## Necessary Imports

In [1]:
from dotenv import load_dotenv
from llama_index.experimental.query_engine import PandasQueryEngine
from llama_index.core.tools import QueryEngineTool, ToolMetadata
from llama_index.core.agent import ReActAgent
from llama_index.llms.openai import OpenAI
from prompts import instruction_str, context, new_prompt
from note_engine import note_engine
import pathlib
import requests
import pandas as pd

## Data Preprocessing

In [2]:
# Read the data as a DataFrame
medicines = pd.read_csv('data/medicine_dataset.csv')
# Drop any rows with missing values
medicines = medicines.dropna()
# Print out the first 5 rows of the data
medicines.head()

Unnamed: 0,Name,Category,Dosage Form,Strength,Manufacturer,Indication,Classification
0,Acetocillin,Antidiabetic,Cream,938 mg,Roche Holding AG,Virus,Over-the-Counter
1,Ibuprocillin,Antiviral,Injection,337 mg,CSL Limited,Infection,Over-the-Counter
2,Dextrophen,Antibiotic,Ointment,333 mg,Johnson & Johnson,Wound,Prescription
3,Clarinazole,Antifungal,Syrup,362 mg,AbbVie Inc.,Pain,Prescription
4,Amoxicillin,Antifungal,Tablet,802 mg,Teva Pharmaceutical Industries Ltd.,Wound,Over-the-Counter


## Get Prompts

In [3]:
prompts_fp = pathlib.Path('prompts.py')
if not prompts_fp.exists():
    prompts_url = 'https://raw.githubusercontent.com/techwithtim/PythonAgentAI/main/prompts.py'
    prompts = requests.get(prompts_url)
    with open('prompts.py', 'w') as file:
        file.write(prompts.text)

In [4]:
# Load the OpenAI API key from the .env file
load_dotenv()

query = 'What is the dosage form of amoxicillin?'

# Use the engine
medicine_query_engine = PandasQueryEngine(df=medicines, instruction_str=instruction_str, verbose=True)

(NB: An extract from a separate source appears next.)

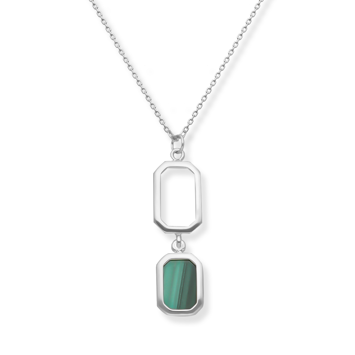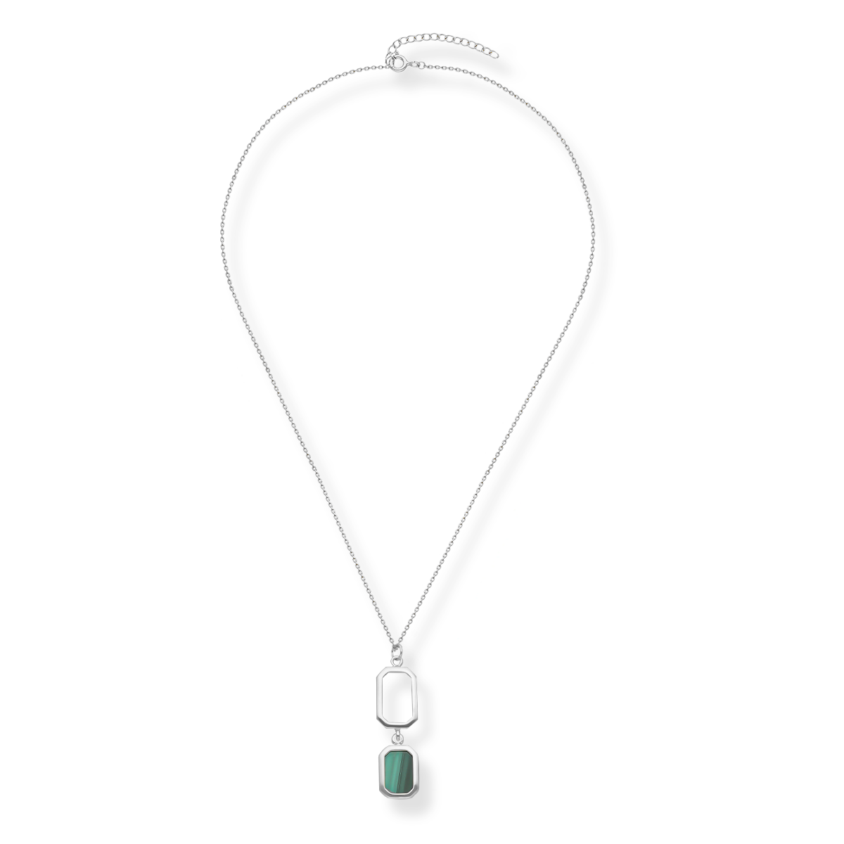 Naszyjnik srebrny double z malachitem

medicine_query_engine.update_prompts({'prompt': new_prompt})

# Query the engine
medicine_query_engine.query(query)

> Pandas Instructions:
```
df[df['Name'] == 'Amoxicillin']['Dosage Form'].values[0]
```
> Pandas Output: Tablet


Response(response='Tablet', source_nodes=[], metadata={'pandas_instruction_str': "df[df['Name'] == 'Amoxicillin']['Dosage Form'].values[0]", 'raw_pandas_output': 'Tablet'})

## Query the Engine

In [5]:
from pdf import amoxicillin_engine

# Create tools for the LLM to use
tools = [
    note_engine,
    QueryEngineTool(query_engine=medicine_query_engine, metadata=ToolMetadata(name='medicine_data', description='This gives information about medicines')),
    QueryEngineTool(query_engine=amoxicillin_engine, metadata=ToolMetadata(name='amoxicillin_data', description='This gives detailed information about amoxicillin'))
]

# Initialize the LLM and the agent
llm = OpenAI(model='gpt-3.5-turbo-16k')
agent = ReActAgent.from_tools(tools=tools, llm=llm, verbose=True, context=context)

In [6]:
# Define a prompt to query the agent
while (prompt := input('Enter a prompt (q to quit): ')) != 'q':
    result = agent.query(prompt)
    print(result)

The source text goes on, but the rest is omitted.